Она отвернулась и стала глядеть в окно.
— Опять ты…
Что за дьявол: я снова забыл, что она — не Нуш!
— Прости… Глупо, конечно. Прости. Но все-таки почему ты вдруг оказалась тут?
— Тебе не надо знать, — сухо ответила она, не поворачиваясь.
— Ну и ладно. А почему здесь не живут?
— Раньше жили. Но оказалось, что он слишком близко… к месту, где есть что-то…
— Ну, пожалуйста, говори так, чтобы я мог понять.
— Да не могу я иначе! Там находится что-то… Туда нельзя ходить. Только с разрешения Хранителей Уровня…
— Святой Уровень! Что же там находилось такое?
— Не знаю, пойми. Не знаю. Здесь, в городе, жили люди, как все живут. Но однажды кто-то из них наткнулся в лесу на… это. Хранители встревожились: говорят, могла случиться какая-то беда. Того человека отправили строить башни, всех других переселили, и сам город собираются разрушить. Поэтому сюда нельзя ходить.
— Но ты все-таки пришла. Решила пробраться туда и посмотреть, что же там находится. Я прав?
Анна молчала.
— И, наверное, даже не одна?
Она тихо спросила:
— Хочешь, чтобы я тебе верила?
Голос был необычен, и вопрос так напомнил мне то, давнее…
— Хочу, — сказал я очень искренне. Я хотел. Я ведь любил ее, не задумываясь о том, кого же в конце концов люблю сейчас: Нуш прошлого или нынешнюю Анну.
— Тогда не спрашивай.
— Не буду. Но меня очень заинтересовал твой рассказ. Ты знаешь, где находится то место?
— Нет. Надо найти тропинку, одну из ведущих к лесу…
— А далеко идти? — Мне не улыбалось бродить по здешним чащам.
— Я слышала — если выйти утром, к обеду можно добраться.
— Солдатская норма — тридцать километров… Нет, это я сам с собой… Как ты думаешь, там можно увидеть что-нибудь сверху?
— Наверное, там должно быть что-то очень большое — иначе его просто увезли бы и не стали разрушать город.
— Ты прав. Конечно, очень большое, — согласился я, представив наш корабль, лежавший на орбите, невидимый отсюда. — Значит, сверху можно что-то разглядеть.

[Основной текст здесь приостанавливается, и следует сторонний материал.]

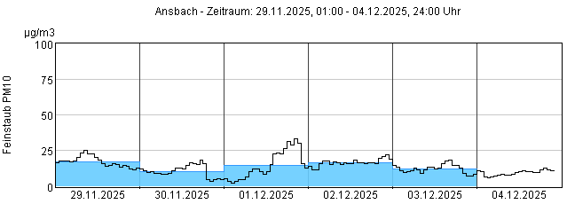 Feinstaub PM10: Tagesmittelwerte und 1-Stundenmittelwert von heute und den letzten 5 Tagen

— Мы пробовали смотреть отсюда с самого высокого дерева. Но, наверное, слишком далеко.
— Я не имел в виду дерево. Ладно, пока достаточно. Пойдем?
Но она не решалась.
— Ты что — боишься?
Она чуть покраснела.
— Нет… Но мне надо еще побыть здесь.
— Понимаю. Но очень важно, чтобы ты пошла со мной. Важно для вас всех. А твоих друзей мы обязательно разыщем потом.
Контакт, думал я. Тот самый контакт, о котором рассуждал Шувалов. А для меня — такой, о каком и мечтать нельзя. Даже если бы не было нужды в контакте, я все равно никуда не отпустил бы ее, чтобы не потерять совсем. Но любая другая девушка и не поехала бы со мной, а она посмотрела мне в глаза и все поняла. Во всяком случае, я поверил, что она поняла. Очень хотелось надеяться, потому что, попытайся я выразить все словами, она не стала бы слушать. Слова должны созреть, они подобны растениям, а взгляд происходит мгновенно, как молния, и, как молнии, ему веришь сразу.
— Хорошо, — сказала она. — Я пойду с тобой. — Она подхватила свою сумку, довольно объемистую, которой я и не замечал раньше.
— Дай, я…
Она отдала сумку.
Было просто невозможно не поцеловать ее, как я всегда делал на прощанье, хотя сейчас мы не прощались. Но она так удивленно взглянула на меня, что я понял: то время прошло, а другое еще не настало.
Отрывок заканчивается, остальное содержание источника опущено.